Ivica Martinović orcid.org/0000-0003-0424-1242 ; Dubrovnik,Hrvatska

Sažetak

Athanasius Kircher, first as professor of mathematics at the Collegium Romanum, and later as scholar, expounded the foundations of hydrostatics in three of his works. In his synthesis on magnetism Magnes sive de arte magnetica opus tripartitum (1643), he mentions only Archimedes as his source, while in the first tome of his geological work Mundus subterraneus (1665), Archimedes is joined by Getaldić and Galileo.

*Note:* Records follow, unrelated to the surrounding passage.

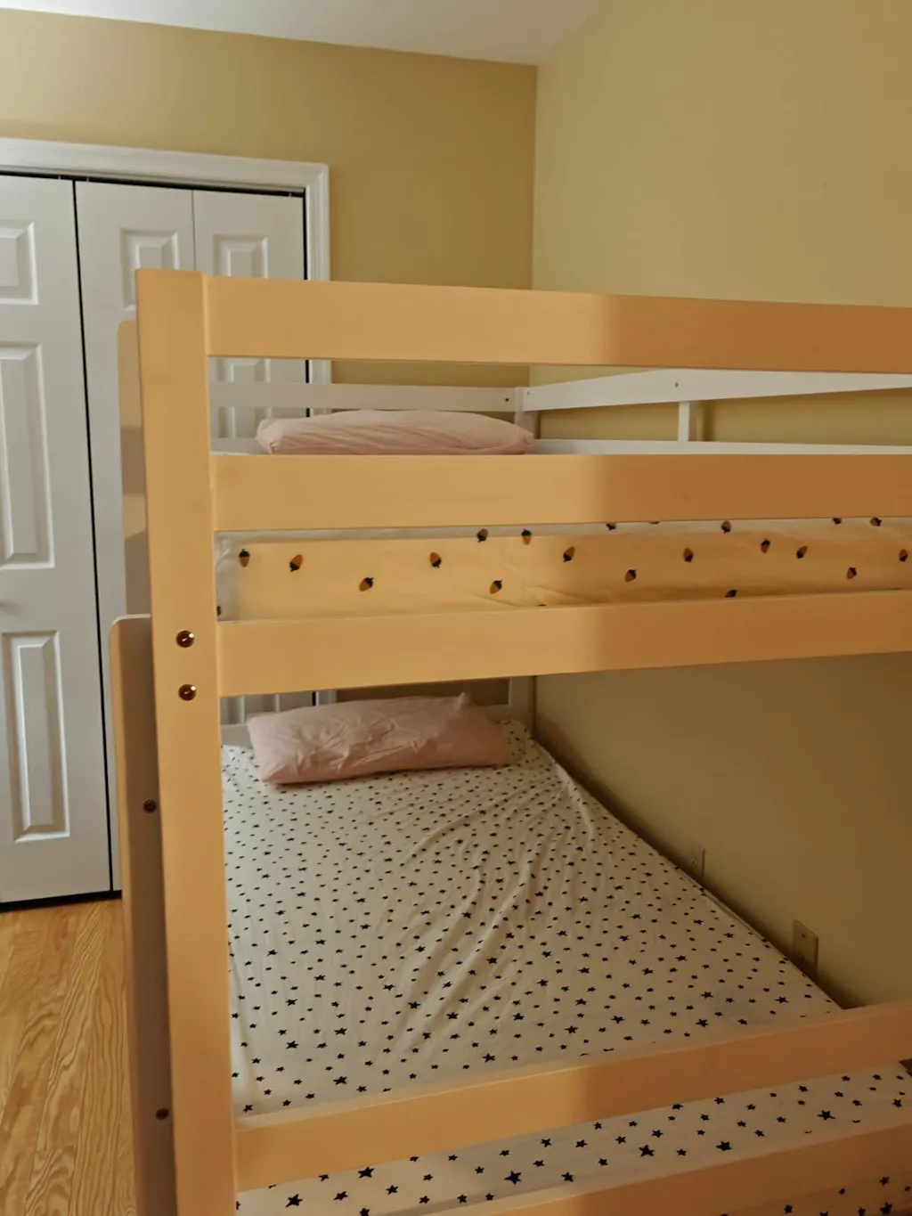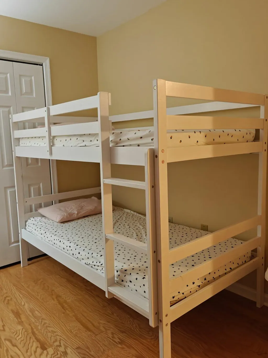 I was a bit nervous about the stability of a wooden bunk bed, but this KOMFOTT frame is very solid. The 3-step ladder is easy for my 6-year-old to climb, and the guardrails on the top bunk are high enough to keep him secure.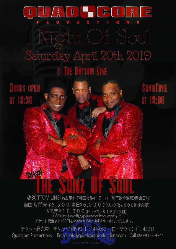 2019.04 20 APR 1 Night of Soul SOUL R&B FUNK 0 Shares Facebook Twitter google Line 実券をお買い求めの方はこちらからご購入頂けます。 ¥ DATE: 2019-04-20 SAT OPEN: 19:00 VENUE: PRICE: advanced general admission 5,500yen at the door 6,000yen VIP Tickets 10,000yen LINE UP:
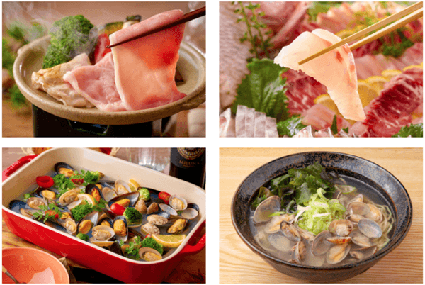 ◼️ 上段右:鯛のお造り。江戸時代、江戸への輸送が容易な距離だったこと、また良質な水や米を生み出す自然豊かな土地であったことから、千葉にも沢山の酒蔵があります。地元、君津・富津の6酒蔵の銘柄をご用意しています。スタッフお薦めの「かずさぽんぽこ囃子」(748円)とご一緒に。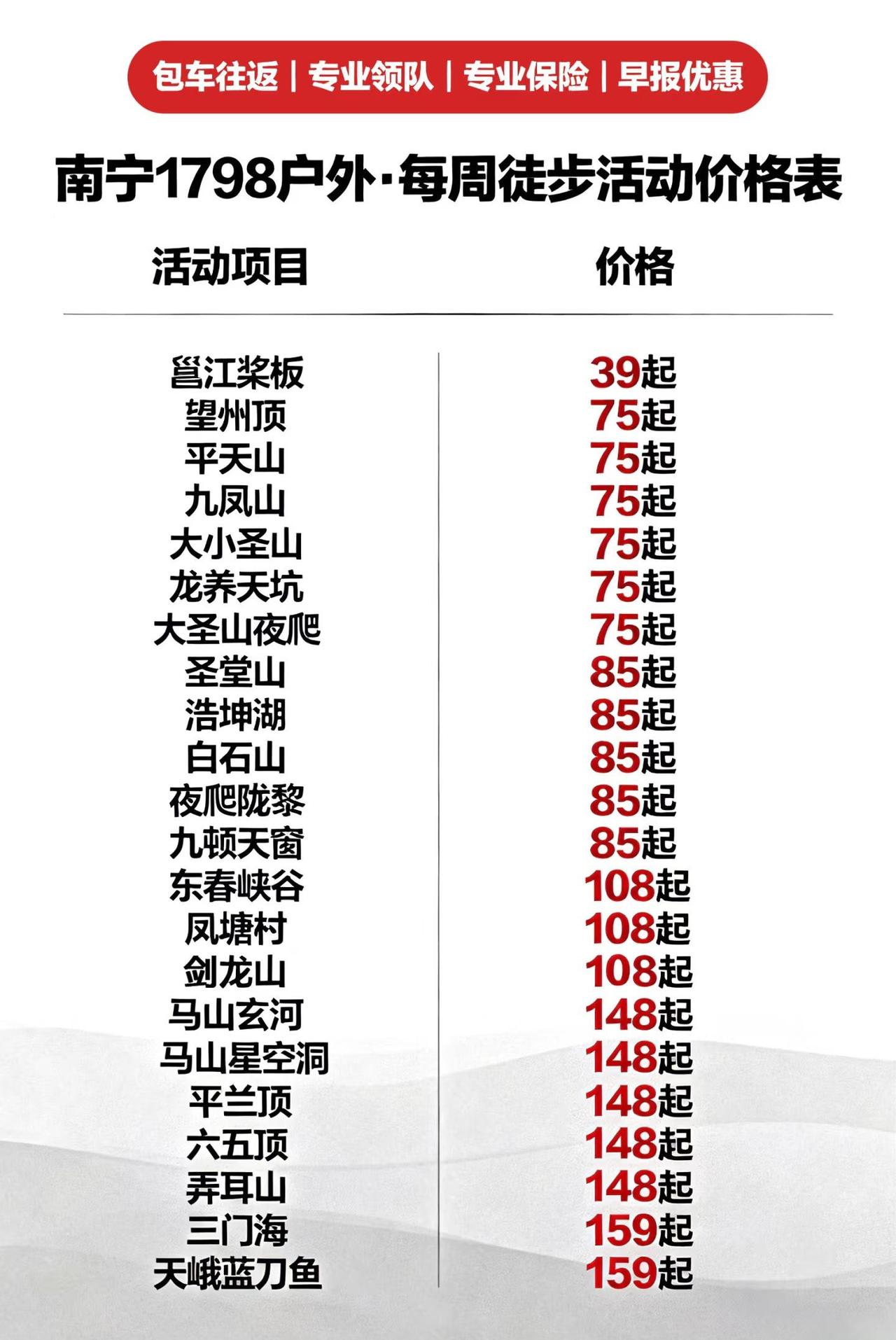 周末别躺平了!和大学生上班族一起逃离城市 【南宁徒步天花板‼️】周末别躺平了!大学生上班族一起逃离城市计划⛰️ 谁说南宁周边没有好玩的地方! 打工人周末解压 大学生课余探险 南宁1798户外带你解锁N种徒步方式🔥 ✅包车往返+专业领队+专业保险 ✅每周发团 说走就走 ✅越早报名越优惠 姐妹冲鸭! ———————————— 💥热门路线推荐: 【39元起】邕江桨板 夏日玩水首选 小白也能轻松上手 【75元起】望州顶/平天山/九凤山 入门级徒步路线 治愈系草原风光 【85元起】圣堂山/浩坤湖/白石山 喀斯特地貌绝美 拍照超出片 【108元起】凤塘村/剑龙山 挑战级路线 户外达人必打卡 【148元起】平兰顶/六五顶 “广西小新疆”云端草原美到哭 【159元起】三门海/天峨蓝刀鱼 探秘地下河 蓝到不像话的玻璃水 ———————————— 👉适合人群: 想结交新朋友的社交牛人症 想释放压力的996打工人 想探索自然的户外小白/大神 🎒装备建议: 轻便背包、运动鞋、防晒用品,头灯,登山杖 自备干粮饮用水 快乐出发! ———————————— 📍关注@南宁1798户外 每周更新徒步计划🌿 👇点击主页立即报名 带上你的搭子 周末山里见! 南宁徒步 南宁周边游 广西旅游 大学生周末 南宁上班族 户外登山 徒步丈量世界 南宁1798户外 带你趣户外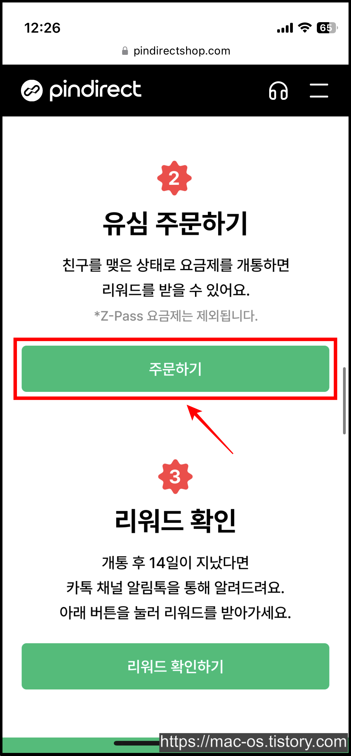 마지막으로 주문서를 확인하면 결제가 완료됩니다. 개통 이후 14일이 지났다면 리워드를 받을 수 있습니다.

Only in his Mundi subterranei tomus secundus (1665), completed in the middle of 1663, does the Roman professor expound hydrostatics more thoroughly, and in so doing fully leans on Getaldić. Namely, within experimental metalostatics Kircher focuses on two practical problems solved by Getaldić at the end of his Promotus Archimedes, whereby a number of Getaldić’s examples he transforms into his ‘propositions.’ Although in the exposition he leans only on Getaldić’s examples, Kircher ultimately admits that Getaldić has proved the general theorem for determining the portion of one metal in the alloy. Finally, Kircher also adopted Getaldić’s tables, as he enclosed the so-called abacus, a table which he composed of Getaldić’s two tables of relative weights.
By using the comparative method, this research comes forth with a number of other valuable results, given here in chronological order.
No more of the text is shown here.